When I’m not neutral, when I’m not just going through the motions, I’m angry. I hate it. The bile that curls up in my chest, that hardens me. These days I’m either too busy to be sad, or I’m angry, upset. I’ve started having these waves of emotion. Intense. I feel like I can’t breathe, I’m scared and I curl up. I feel like I can’t go on, even though that is irrational, even though that is pathetic and defeatist.
I don’t want to be that person who lives life full of hate. I don’t want to think the worst of people, I don’t want to hold on to the feeling of betrayal. I just don’t know how to get rid of it. I feel like there is some scarlet letter burned into my heart and it wreaks havock on my humanity.
At a really low point this last year, I remember all my friends crowding around and telling me all the wrong things I’d done since I’d known them. They made a list. I sat down, with that sinking feeling you get when you know something awful is going to happen. I felt like that feeling was on repeat, each minute it’d start up again.

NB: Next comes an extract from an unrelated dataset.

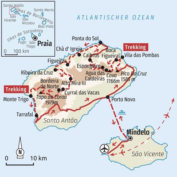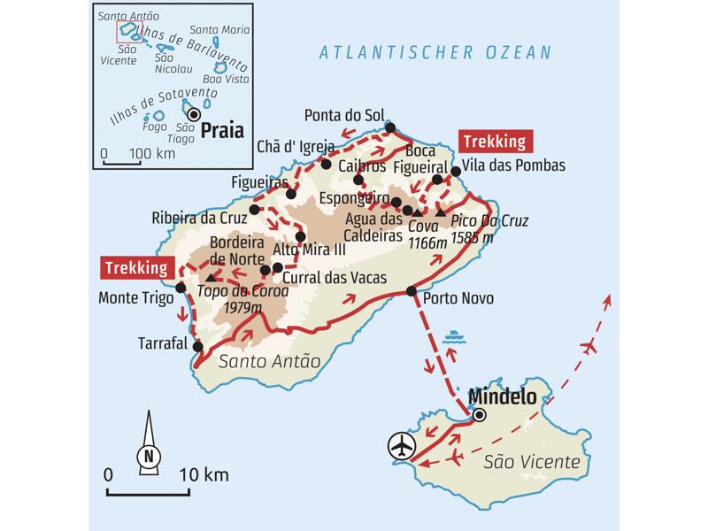 Der Fokus dieser Reise liegt auf dem 10-tägigen Trekking über die Insel Santo Antão. Das Trekking führt uns vom fruchtbaren Nordosten über Ponta do Sol an der Küste entlang in die Hochebene von Norte zum trockenen, einsamen Westen der Insel. Wir bewegen uns teilweise in touristisch wenig erschlossenen Regionen, die nur zu Fuß erreichbar sind. Zu Beginn der Reise erkunden wir auf der Insel São Vicente die Kulturhauptstadt Mindelo.

The things they said, they anger me know, because they seem like such slaps to the face, judgements from high above, like they were so perfect and I was so imperfect. I hate them for that, because even now the long list they made sticks to me. It marks me as a bad person. I have to go crawling back to them, next year, when I go back to school, away from home. They’re all I have, and I’ll have to crawl back to them, hug them, beg their forgivness, show I’ve changed. They’ll judge me. People say that a friend never has to explain, but everything I do and say requires an explination.
I hate it, at night I get so scared about going back, its getting closer soon summer will end. I used to think, for a little bit that I could pick things up and go back and be okay. Now I’m really worried. I still feel the letter burned into me, I don’t know how to tear it off, to not feel like a rejected outcast.